Today, standard coaxial phacoemulsification can be performed through a 2.8 to 3.2 mm incision. Other techniques use even smaller incisions (ie, microincisions). They include microcoaxial phacoemulsification, which uses a 1.8 to 2.2 mm incision, and biaxial microincision cataract surgery (MICS), which uses a 1.2 to 1.4 mm incision. In microcoaxial phacoemulsification, irrigation, aspiration, and phacoemulsification are performed with the same instrument (phaco handpiece), used in standard coaxial phacoemulsification.1–3 The only difference between the 2 techniques is the smaller main incision in microcoaxial phacoemulsification, which is the result of the development of the phaco tip sleeves. In biaxial MICS, however, the irrigation and phacoemulsification aspiration steps are separate; an irrigation chopper is used for irrigation and a sleeveless phaco tip for aspiration and phacoemulsification.4–6
Microincision phacoemulsification provides advantages over standard coaxial techniques and thus has become popular. Use of a smaller incision allows the surgeon to incorporate a refractive element into the cataract surgery procedure; the smaller incision causes less surgically induced astigmatism (SIA) and can correct presurgical corneal astigmatism.7,8 Microincision techniques protect the biomechanics and prolate shape of the cornea and result in improved visual quality,9,10 rapid wound healing and visual rehabilitation, less inflammation, lower endophthalmitis risk, and fewer intraoperative complications.7,11
As with all techniques, microincision surgery has advantages and disadvantages. Biaxial MICS, which uses the smallest incisions (as small as 0.7 mm12), was first reported by Shearing et al.13 in 1985 and then developed and popularized by Pandey et al.14 and Alió et al.7,10 The main advantage of the technique is that separating irrigation and aspiration improves anterior chamber fluid dynamics and thus followability of the nucleus. In addition, the surgeon uses 2 hands, increasing phaco efficiency and facilitating maneuvers in the subincision area. The decreased turbulence leads to less invasive surgery and less trauma to surrounding tissue.15,16 The disadvantages of biaxial MICS include anterior chamber instability, limitations of vacuum levels,1,2 and potential trauma caused by the mechanical and thermal impact on the wound.17–20 Microcoaxial phacoemulsification has the advantages of standard coaxial phacoemulsification and, unlike biaxial MICS, does not have a steep learning curve.3 The main disadvantage of the technique is the decreased followability of the nucleus, which can increase turbulence and reduce efficacy.
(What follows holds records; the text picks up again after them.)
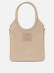 Miu Miu "Ivy" handbag, made of calfskin leather with a surface characterized by a uniform luster and soft touch. The structure features a compact geometric silhouette with a top opening and double leather handles. The interior construction features a main compartment finished in cotton gabardine, equipped with a patch pocket. Golden metallic finishes and front lettering logo applied on leather insert complete the model.
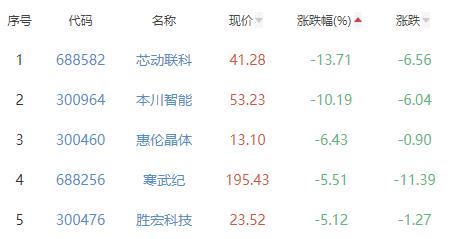 芯动联科、本川智能、惠伦晶体、寒武纪、胜宏科技位列涨幅榜后五位,涨幅分别为-13.71%、-10.19%、-6.43%、-5.51%、-5.12%。
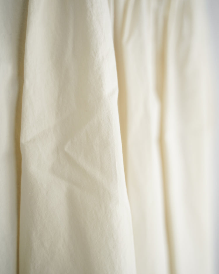 前後にVラインのヨーク切開下の豊かなシャーリングが目立ち、袖は2つのタックディテールでボリューム感を加えました。 シアーなコットン素材で製作されており軽い感じがして、7つのボタンクロージングで精巧に仕上げられています。 比較的小さいサイズのカラーが全体的なデザインポイントになっておしゃれなムードが演出できます。
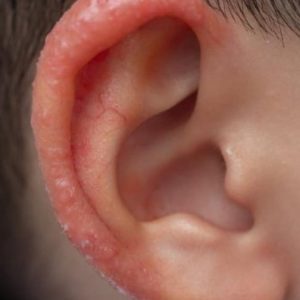 I noticed a strange patch of skin on my son’s ear this morning. His doctor appointment is still a week away — what should I do in the meantime?
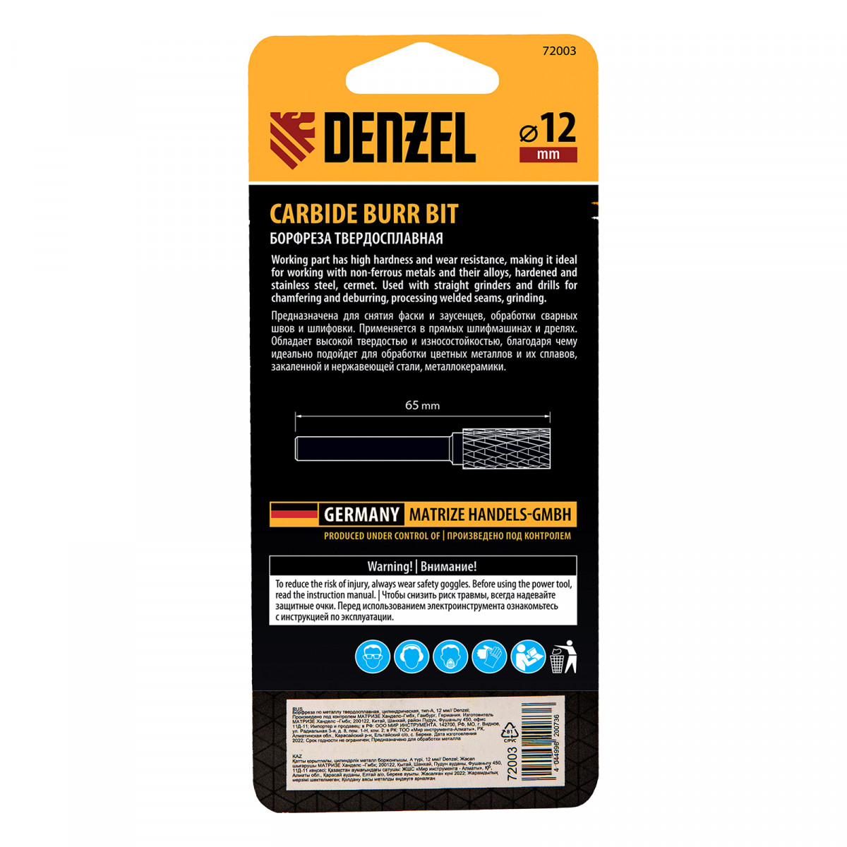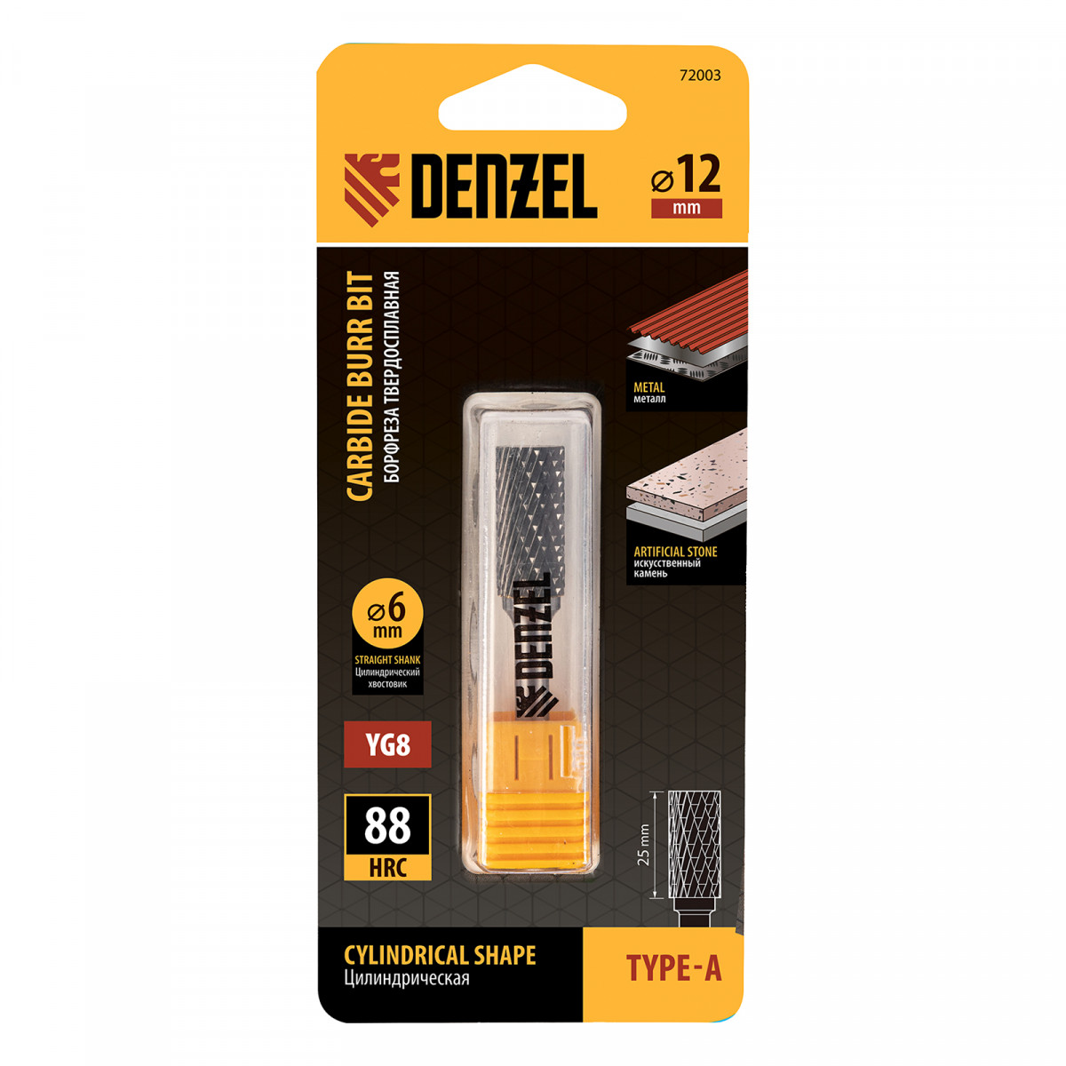 Твердосплавная борфреза Denzel 72003 с цилиндрической рабочей частью (тип A), диаметром 12 мм, используется для работ по металлу (закаленной и нержавеющей стали, латуни, меди, бронзе, чугуну, титану). Подходит также для обработки искусственного камня и металлокерамики. Предназначена для завершающей обработки и подгонки форм и поверхностей: шлифовки, зачистки сварных швов, удаления заусенцев, снятия фасок, разделки кромок. Оснастка устанавливается на прямошлифовальную машину или дрель.

In this prospective randomized study, we compared standard coaxial phacoemulsification, microcoaxial phacoemulsification, and biaxial MICS in groups of patients matched in demographics. We also sought to determine whether there were disadvantages to switching from standard coaxial phacoemulsification to microincision techniques.
PATIENTS AND METHODS
This prospective randomized study comprised patients having phacoemulsification between November 2006 and September 2008. All patients agreed to participate, met the inclusion criteria, and signed an informed consent agreement before having any procedure. The study was approved by the hospital's ethics committee and performed in accordance with the ethical principles of the Declaration of Helsinki.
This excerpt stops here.